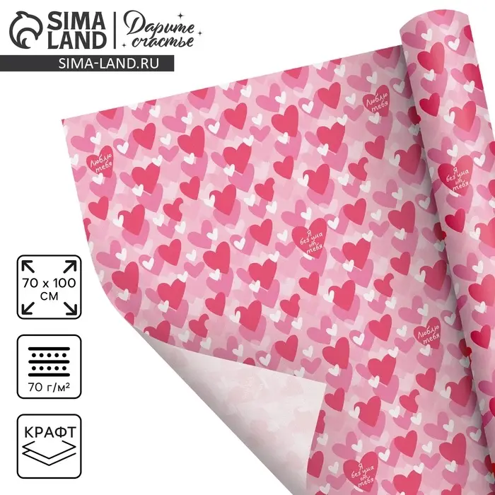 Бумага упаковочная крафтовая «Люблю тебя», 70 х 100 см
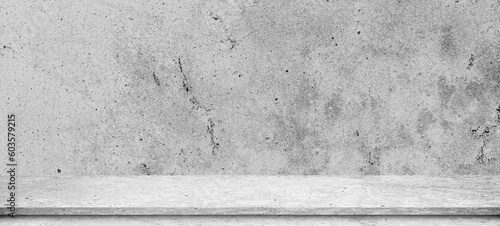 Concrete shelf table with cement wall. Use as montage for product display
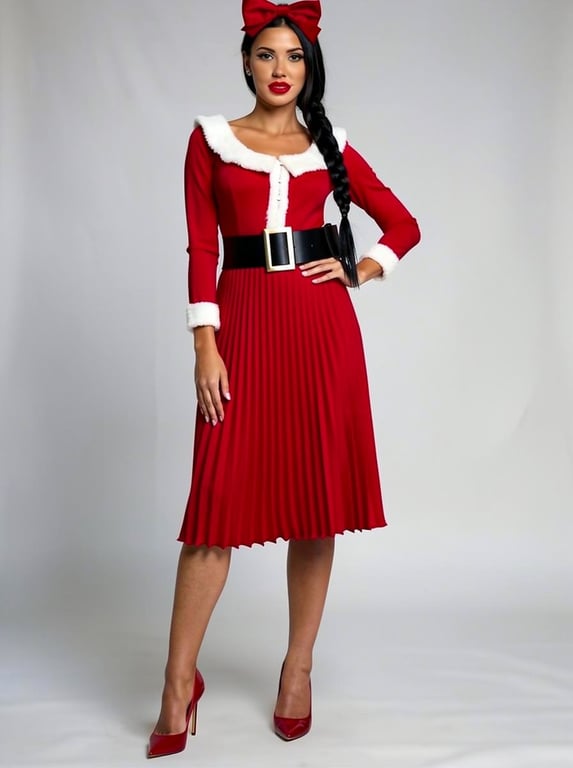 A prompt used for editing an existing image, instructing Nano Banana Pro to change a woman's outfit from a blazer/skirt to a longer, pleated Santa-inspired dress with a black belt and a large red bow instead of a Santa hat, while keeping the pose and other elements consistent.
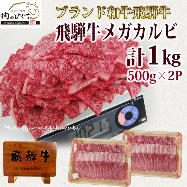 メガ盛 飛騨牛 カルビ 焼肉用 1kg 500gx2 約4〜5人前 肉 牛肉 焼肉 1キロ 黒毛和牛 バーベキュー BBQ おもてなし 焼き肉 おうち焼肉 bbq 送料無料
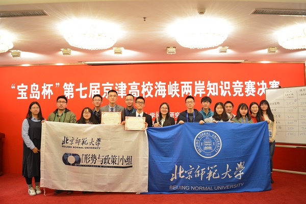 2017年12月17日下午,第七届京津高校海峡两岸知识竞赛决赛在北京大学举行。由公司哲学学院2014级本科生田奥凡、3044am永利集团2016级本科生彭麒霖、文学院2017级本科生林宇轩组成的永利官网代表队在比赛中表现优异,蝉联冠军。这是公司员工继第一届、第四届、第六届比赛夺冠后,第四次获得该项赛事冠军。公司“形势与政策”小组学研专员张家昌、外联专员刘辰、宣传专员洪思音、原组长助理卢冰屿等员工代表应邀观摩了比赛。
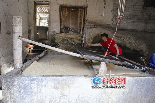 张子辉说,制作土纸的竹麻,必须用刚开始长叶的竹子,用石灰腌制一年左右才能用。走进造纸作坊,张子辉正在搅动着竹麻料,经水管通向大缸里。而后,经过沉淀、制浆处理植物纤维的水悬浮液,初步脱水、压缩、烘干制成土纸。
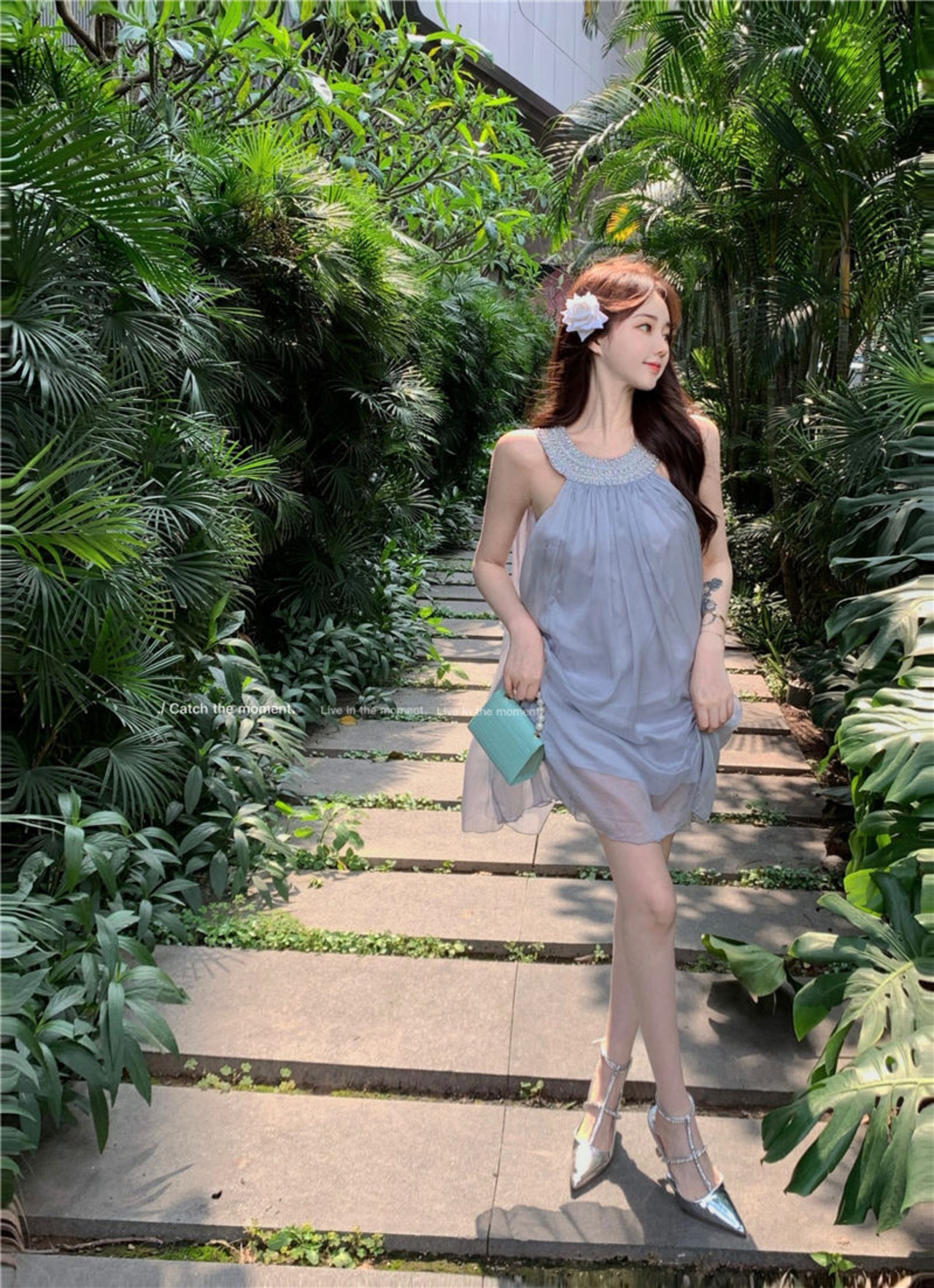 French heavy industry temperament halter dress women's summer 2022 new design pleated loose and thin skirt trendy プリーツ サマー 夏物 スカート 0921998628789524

____

> _Problem_:
From the material above, output every line exactly as written, dropping any picture.

> _Answer for the task_:
 Бумага упаковочная крафтовая «Люблю тебя», 70 х 100 см
 Concrete shelf table with cement wall. Use as montage for product display
 A prompt used for editing an existing image, instructing Nano Banana Pro to change a woman's outfit from a blazer/skirt to a longer, pleated Santa-inspired dress with a black belt and a large red bow instead of a Santa hat, while keeping the pose and other elements consistent.
 メガ盛 飛騨牛 カルビ 焼肉用 1kg 500gx2 約4〜5人前 肉 牛肉 焼肉 1キロ 黒毛和牛 バーベキュー BBQ おもてなし 焼き肉 おうち焼肉 bbq 送料無料
 2017年12月17日下午,第七届京津高校海峡两岸知识竞赛决赛在北京大学举行。由公司哲学学院2014级本科生田奥凡、3044am永利集团2016级本科生彭麒霖、文学院2017级本科生林宇轩组成的永利官网代表队在比赛中表现优异,蝉联冠军。这是公司员工继第一届、第四届、第六届比赛夺冠后,第四次获得该项赛事冠军。公司“形势与政策”小组学研专员张家昌、外联专员刘辰、宣传专员洪思音、原组长助理卢冰屿等员工代表应邀观摩了比赛。
 张子辉说,制作土纸的竹麻,必须用刚开始长叶的竹子,用石灰腌制一年左右才能用。走进造纸作坊,张子辉正在搅动着竹麻料,经水管通向大缸里。而后,经过沉淀、制浆处理植物纤维的水悬浮液,初步脱水、压缩、烘干制成土纸。
 French heavy industry temperament halter dress women's summer 2022 new design pleated loose and thin skirt trendy プリーツ サマー 夏物 スカート 0921998628789524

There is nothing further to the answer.